Before starting the measurements, both (software and manually), a 5-hour session was held in which the study participants were taught how to measure correctly with each of the tools. Perhaps these training sessions made it possible to avoid specific recurring errors in the Cobb angle measurements from the beginning of the study. The second possible explanation is that when the precision error is so small (less than one degree), it is difficult to improve the precision with training.
On the other hand, in the study’s design, we established a test-retest time of one month. After this time interval, there would be no variability in the measurements attributed to the observers remembering the radiographs or the results obtained in them.

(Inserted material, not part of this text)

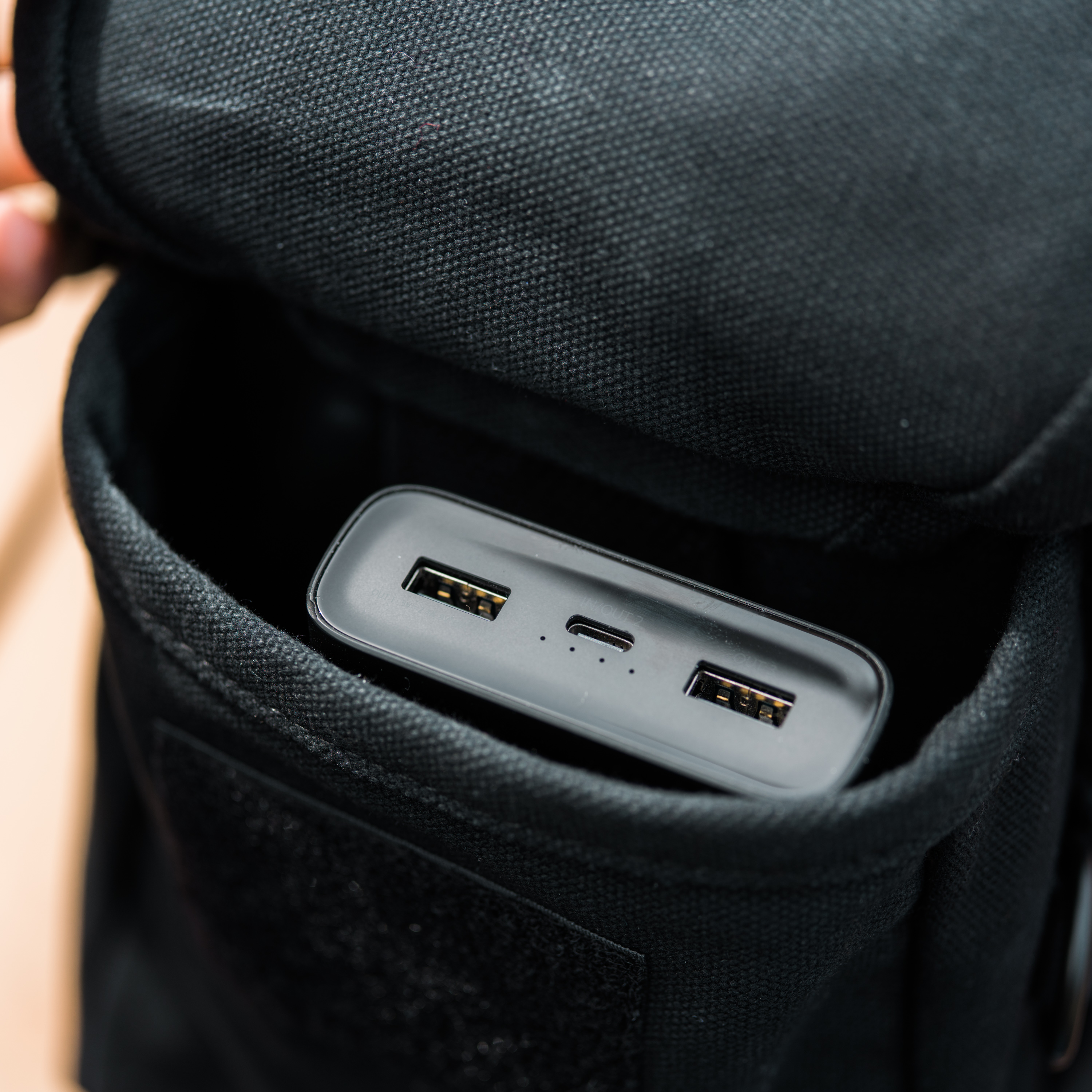덮개 안쪽에는 지퍼로 여닫을 수 있는 공간이 추가로 마련돼 있습니다. 여긴 아무래도 작고 가벼운 그리고 자주 꺼내지 않는 소품류가 적당할 것 같습니다. 저는 출사, 여행 때 여기에 추가 배터리와 충전기를 넣어 보관합니다. 다만 비가 올 때는 덮개 부분이 수분에 취약하기 때문에 주의하는 것이 좋겠습니다.

We have added to the manuscript this aspect that you mention in the discussion section in lines 298 to 302:
“There are no statistically significant improvements between successive tests because the training sessions avoided common measurement errors from the beginning of the study. The second possible explanation is that when the precision error is so small (less than one degree), it is difficult to improve the precision with training.”

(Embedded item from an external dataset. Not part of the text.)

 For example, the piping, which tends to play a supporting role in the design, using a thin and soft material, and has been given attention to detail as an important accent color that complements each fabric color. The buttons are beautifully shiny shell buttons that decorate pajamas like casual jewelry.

Thank you very much for your comments, which improve the quality of the manuscript!
Round 2
Reviewer 2 Report
Dear authors, I really appreciated the detailed revision. The study can be published very well in this form.

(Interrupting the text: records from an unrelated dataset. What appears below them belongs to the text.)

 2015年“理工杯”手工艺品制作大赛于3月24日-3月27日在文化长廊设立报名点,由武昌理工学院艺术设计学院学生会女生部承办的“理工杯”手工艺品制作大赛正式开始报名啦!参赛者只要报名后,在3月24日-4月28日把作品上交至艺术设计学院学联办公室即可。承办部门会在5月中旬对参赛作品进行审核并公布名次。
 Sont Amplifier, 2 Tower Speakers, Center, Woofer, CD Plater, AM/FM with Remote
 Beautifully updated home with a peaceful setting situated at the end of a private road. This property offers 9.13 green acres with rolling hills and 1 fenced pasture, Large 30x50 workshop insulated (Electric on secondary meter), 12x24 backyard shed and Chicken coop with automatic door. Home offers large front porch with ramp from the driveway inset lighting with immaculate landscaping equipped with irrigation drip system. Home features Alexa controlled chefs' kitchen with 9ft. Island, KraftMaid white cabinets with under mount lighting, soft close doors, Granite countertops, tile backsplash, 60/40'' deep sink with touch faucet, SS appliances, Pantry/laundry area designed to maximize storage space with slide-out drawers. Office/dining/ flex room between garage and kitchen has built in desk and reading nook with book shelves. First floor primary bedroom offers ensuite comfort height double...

I have the impression that two points of mine were perhaps formulated a bit too aggressively and would therefore like to add the following:
1. in my view, the composition of the expert group does not necessarily have to consist of spine surgeons. Only an explanation of why the selected persons were defined as experts was necessary to make this selection not intangible. The present addition that these persons are regularly involved in the follow-up treatment of scoliosis patients is sufficient; I would recommend deleting the explicit reference to missing spine surgeons before final publication. This criticism of your own work is unnecessary.
2. The question as to why more radiographs were not used. The Hopkins criteria were correctly fulfilled with the number of x-rays used - however, the Hopkins criteria define the minimum requirements, from my point of view it would have been beneficial for the validity to go beyond these minimum requirements... Nevertheless, I find the argumentation you put forward in this regard in its current form plausible and more comprehensible and thus also well acceptable. No further changes are required from my point of view.
Congratulation to the authors on this study and on the publication, which should now be completed.
Author Response
Again, thank you very much for your comments.
We have modified the manuscript, eliminating the selection of Experts and Novices as one of the limitations and have added in the Material and Method Section the following paragraph in order to state the assignment of roles to the observers clearly:
“The division of the observers into Expert and Novice groups was made based on the frequency with which they use the Cobb method rather than based on their medical speciality. We have considered Experts observers very often involved in the follow-up and monitoring of patients with AIS.”